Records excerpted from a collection
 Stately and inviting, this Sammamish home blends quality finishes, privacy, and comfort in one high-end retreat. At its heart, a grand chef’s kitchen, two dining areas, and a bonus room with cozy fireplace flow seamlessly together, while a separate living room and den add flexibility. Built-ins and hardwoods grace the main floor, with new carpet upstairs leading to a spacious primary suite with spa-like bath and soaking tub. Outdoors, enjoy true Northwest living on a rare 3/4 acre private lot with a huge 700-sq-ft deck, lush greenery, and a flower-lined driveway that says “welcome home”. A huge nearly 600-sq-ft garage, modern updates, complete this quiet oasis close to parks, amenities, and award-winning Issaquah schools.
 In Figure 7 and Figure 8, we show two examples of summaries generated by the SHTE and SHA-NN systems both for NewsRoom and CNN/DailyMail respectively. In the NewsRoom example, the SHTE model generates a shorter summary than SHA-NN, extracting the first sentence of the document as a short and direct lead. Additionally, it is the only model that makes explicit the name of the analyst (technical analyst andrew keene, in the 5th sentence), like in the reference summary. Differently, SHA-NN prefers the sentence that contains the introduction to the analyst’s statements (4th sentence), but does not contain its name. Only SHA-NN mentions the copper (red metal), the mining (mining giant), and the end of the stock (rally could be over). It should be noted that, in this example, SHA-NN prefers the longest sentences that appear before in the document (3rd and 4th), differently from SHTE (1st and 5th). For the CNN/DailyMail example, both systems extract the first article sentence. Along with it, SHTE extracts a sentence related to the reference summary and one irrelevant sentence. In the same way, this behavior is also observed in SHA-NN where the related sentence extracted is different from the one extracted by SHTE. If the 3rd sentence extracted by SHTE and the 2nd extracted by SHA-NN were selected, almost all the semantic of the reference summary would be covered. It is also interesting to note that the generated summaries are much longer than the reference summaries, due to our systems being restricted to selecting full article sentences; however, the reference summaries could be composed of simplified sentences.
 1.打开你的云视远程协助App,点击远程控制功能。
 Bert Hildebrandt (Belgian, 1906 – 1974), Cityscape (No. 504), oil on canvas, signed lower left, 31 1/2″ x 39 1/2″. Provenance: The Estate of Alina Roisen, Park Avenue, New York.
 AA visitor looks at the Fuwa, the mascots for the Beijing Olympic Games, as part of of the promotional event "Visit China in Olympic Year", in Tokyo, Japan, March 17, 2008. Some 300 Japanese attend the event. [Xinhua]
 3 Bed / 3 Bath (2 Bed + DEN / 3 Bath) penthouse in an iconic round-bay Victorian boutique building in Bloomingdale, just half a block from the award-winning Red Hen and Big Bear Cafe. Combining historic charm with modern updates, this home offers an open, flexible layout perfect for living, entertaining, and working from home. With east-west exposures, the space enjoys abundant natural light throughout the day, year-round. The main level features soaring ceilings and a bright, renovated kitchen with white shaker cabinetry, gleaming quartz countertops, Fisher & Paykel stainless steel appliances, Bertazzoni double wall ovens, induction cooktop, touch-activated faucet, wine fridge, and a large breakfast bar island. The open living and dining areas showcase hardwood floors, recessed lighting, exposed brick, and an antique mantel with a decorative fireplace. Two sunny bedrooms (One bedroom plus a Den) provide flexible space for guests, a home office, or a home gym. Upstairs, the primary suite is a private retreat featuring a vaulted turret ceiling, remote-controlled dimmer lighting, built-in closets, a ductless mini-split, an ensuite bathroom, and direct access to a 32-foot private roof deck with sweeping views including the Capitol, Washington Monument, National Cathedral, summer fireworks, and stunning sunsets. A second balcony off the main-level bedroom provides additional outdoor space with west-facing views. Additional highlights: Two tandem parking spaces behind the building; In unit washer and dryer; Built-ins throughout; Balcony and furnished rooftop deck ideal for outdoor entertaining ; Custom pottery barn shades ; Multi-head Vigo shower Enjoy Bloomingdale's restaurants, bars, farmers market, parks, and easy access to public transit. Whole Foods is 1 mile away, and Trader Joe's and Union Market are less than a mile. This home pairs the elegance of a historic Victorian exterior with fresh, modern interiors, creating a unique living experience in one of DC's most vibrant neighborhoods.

## TASK INSTRUCTIONS
Write out all the entries exactly.

## EXERCISE OUTPUT
 Stately and inviting, this Sammamish home blends quality finishes, privacy, and comfort in one high-end retreat. At its heart, a grand chef’s kitchen, two dining areas, and a bonus room with cozy fireplace flow seamlessly together, while a separate living room and den add flexibility. Built-ins and hardwoods grace the main floor, with new carpet upstairs leading to a spacious primary suite with spa-like bath and soaking tub. Outdoors, enjoy true Northwest living on a rare 3/4 acre private lot with a huge 700-sq-ft deck, lush greenery, and a flower-lined driveway that says “welcome home”. A huge nearly 600-sq-ft garage, modern updates, complete this quiet oasis close to parks, amenities, and award-winning Issaquah schools.
 In Figure 7 and Figure 8, we show two examples of summaries generated by the SHTE and SHA-NN systems both for NewsRoom and CNN/DailyMail respectively. In the NewsRoom example, the SHTE model generates a shorter summary than SHA-NN, extracting the first sentence of the document as a short and direct lead. Additionally, it is the only model that makes explicit the name of the analyst (technical analyst andrew keene, in the 5th sentence), like in the reference summary. Differently, SHA-NN prefers the sentence that contains the introduction to the analyst’s statements (4th sentence), but does not contain its name. Only SHA-NN mentions the copper (red metal), the mining (mining giant), and the end of the stock (rally could be over). It should be noted that, in this example, SHA-NN prefers the longest sentences that appear before in the document (3rd and 4th), differently from SHTE (1st and 5th). For the CNN/DailyMail example, both systems extract the first article sentence. Along with it, SHTE extracts a sentence related to the reference summary and one irrelevant sentence. In the same way, this behavior is also observed in SHA-NN where the related sentence extracted is different from the one extracted by SHTE. If the 3rd sentence extracted by SHTE and the 2nd extracted by SHA-NN were selected, almost all the semantic of the reference summary would be covered. It is also interesting to note that the generated summaries are much longer than the reference summaries, due to our systems being restricted to selecting full article sentences; however, the reference summaries could be composed of simplified sentences.
 1.打开你的云视远程协助App,点击远程控制功能。
 Bert Hildebrandt (Belgian, 1906 – 1974), Cityscape (No. 504), oil on canvas, signed lower left, 31 1/2″ x 39 1/2″. Provenance: The Estate of Alina Roisen, Park Avenue, New York.
 AA visitor looks at the Fuwa, the mascots for the Beijing Olympic Games, as part of of the promotional event "Visit China in Olympic Year", in Tokyo, Japan, March 17, 2008. Some 300 Japanese attend the event. [Xinhua]
 3 Bed / 3 Bath (2 Bed + DEN / 3 Bath) penthouse in an iconic round-bay Victorian boutique building in Bloomingdale, just half a block from the award-winning Red Hen and Big Bear Cafe. Combining historic charm with modern updates, this home offers an open, flexible layout perfect for living, entertaining, and working from home. With east-west exposures, the space enjoys abundant natural light throughout the day, year-round. The main level features soaring ceilings and a bright, renovated kitchen with white shaker cabinetry, gleaming quartz countertops, Fisher & Paykel stainless steel appliances, Bertazzoni double wall ovens, induction cooktop, touch-activated faucet, wine fridge, and a large breakfast bar island. The open living and dining areas showcase hardwood floors, recessed lighting, exposed brick, and an antique mantel with a decorative fireplace. Two sunny bedrooms (One bedroom plus a Den) provide flexible space for guests, a home office, or a home gym. Upstairs, the primary suite is a private retreat featuring a vaulted turret ceiling, remote-controlled dimmer lighting, built-in closets, a ductless mini-split, an ensuite bathroom, and direct access to a 32-foot private roof deck with sweeping views including the Capitol, Washington Monument, National Cathedral, summer fireworks, and stunning sunsets. A second balcony off the main-level bedroom provides additional outdoor space with west-facing views. Additional highlights: Two tandem parking spaces behind the building; In unit washer and dryer; Built-ins throughout; Balcony and furnished rooftop deck ideal for outdoor entertaining ; Custom pottery barn shades ; Multi-head Vigo shower Enjoy Bloomingdale's restaurants, bars, farmers market, parks, and easy access to public transit. Whole Foods is 1 mile away, and Trader Joe's and Union Market are less than a mile. This home pairs the elegance of a historic Victorian exterior with fresh, modern interiors, creating a unique living experience in one of DC's most vibrant neighborhoods.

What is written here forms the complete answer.